According to market research, most commercial banks in Hong Kong currently do not support the opening of bank accounts for cryptocurrency businesses; secondly, whether overseas bank accounts can be connected to trading platforms in Hong Kong has not been clearly stipulated in the Consultation Document. It should be noted that this issue involves the supervision of commercial banks and requires the cooperation and cooperation of the Hong Kong Securities Regulatory Commission and the Hong Kong Monetary Authority. To a certain extent, the bank account issue will determine whether Hong Kong will become one of the important factors of the Web3.0 international center in the future.

2. Trading pair issues

At present, currency trading pairs (such as BTC, ETH, USDT and other trading pairs) have gradually become the mainstream of the market. More importantly, currency-to-currency trading pairs can reduce the use of bank accounts, and users can directly deposit and withdraw coins on the platform for transactions, which is more closely connected with DeFi, GameFi and other industry ecology. Of course, this will put some pressure on the KYC/AML of the trading platform. However, if Hong Kong wants to become a Web3.0 center, it must at least open currency trading pairs, including the choice of denominated currency, and Hong Kong dollar stable currency can be used to strive for the right to speak in the industry. This detail has not yet been clearly stipulated in the Consultation Document.

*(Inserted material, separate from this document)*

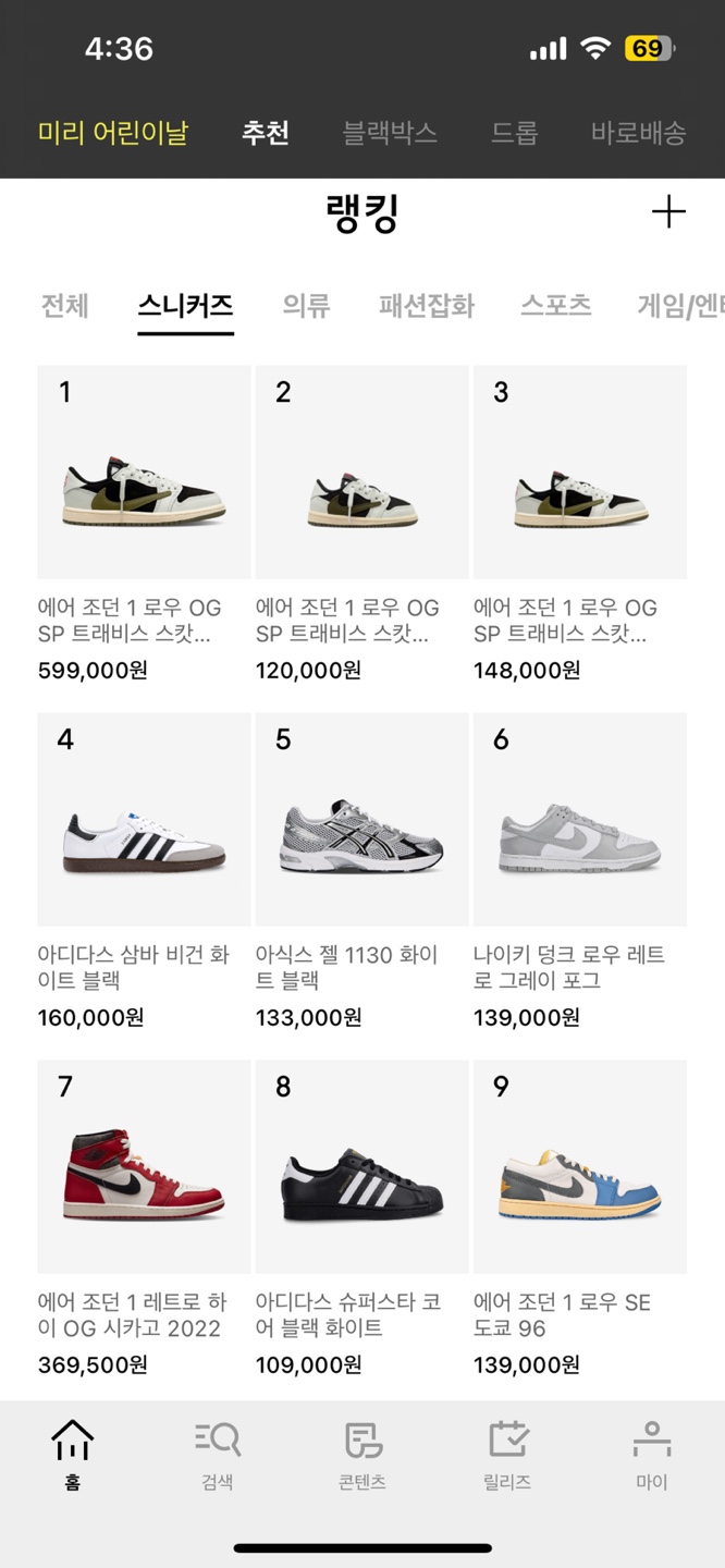솔드아웃의 경우 실시간 랭킹을 홈 화면에서 스크롤을 내리면 보인다. 하지만 크림은 Header Menu로 랭킹을 올리는 대신 홈 화면에 나타내지 않았다. 이는 솔드아웃이 랭킹순으로 보기 더 쉬웠다. 하지만 처음 홈 화면이 나타났을 때 스크롤을 안할 수 있는 가능성이 있기 때문에 Header Menu에 랭킹의 접근성이 개인적으로 더 좋다

3. Financial soundness issues

According to the provisions of 6.3 of the “Guidelines”, “the platform operator must maintain the liquid capital not less than the platform operator's specified liquid capital at all times”, and the calculation basis and warning line of the liquid capital are given in detail (6.3, 6.8). However, the reality is that most cryptocurrency trading platforms do not hold liquid assets in the traditional sense, but hold a large number of different types of cryptocurrency assets, and the liquidity and risks of these assets are very different. For example, from the financial statements released after FTX‘s bankruptcy, it can be seen that FTX mainly holds various cryptocurrencies, and the rapid drying up of cryptocurrencies’ liquidity under certain conditions is one of the main reasons for FTXs bankruptcy. Therefore, in terms of financial soundness, the China Securities Regulatory Commission may need to make special regulations on liquidity supervision.

Fourth, write at the end of the text

Due to the impact of the epidemic and geopolitics, Hong Kong's status as an international financial center has been challenged in the past few years, and the release of this “Consultation Document” is nothing less than a strong declaration by the Hong Kong government to consolidate its status as an international financial center. It can be compared to the modern foreign exchange market that emerged after the disintegration of the Bretton Woods system in the 1970s. It deserves not only the attention of Web3.0 practitioners, but also the attention of all practitioners in the financial industry.

Disclaimer:

The views in this article only represent the author's personal views, and do not constitute investment advice on this platform. This platform does not guarantee the accuracy, completeness and timeliness of the information in the article, and will not be liable for any loss caused by the use of or reliance on the information in the article.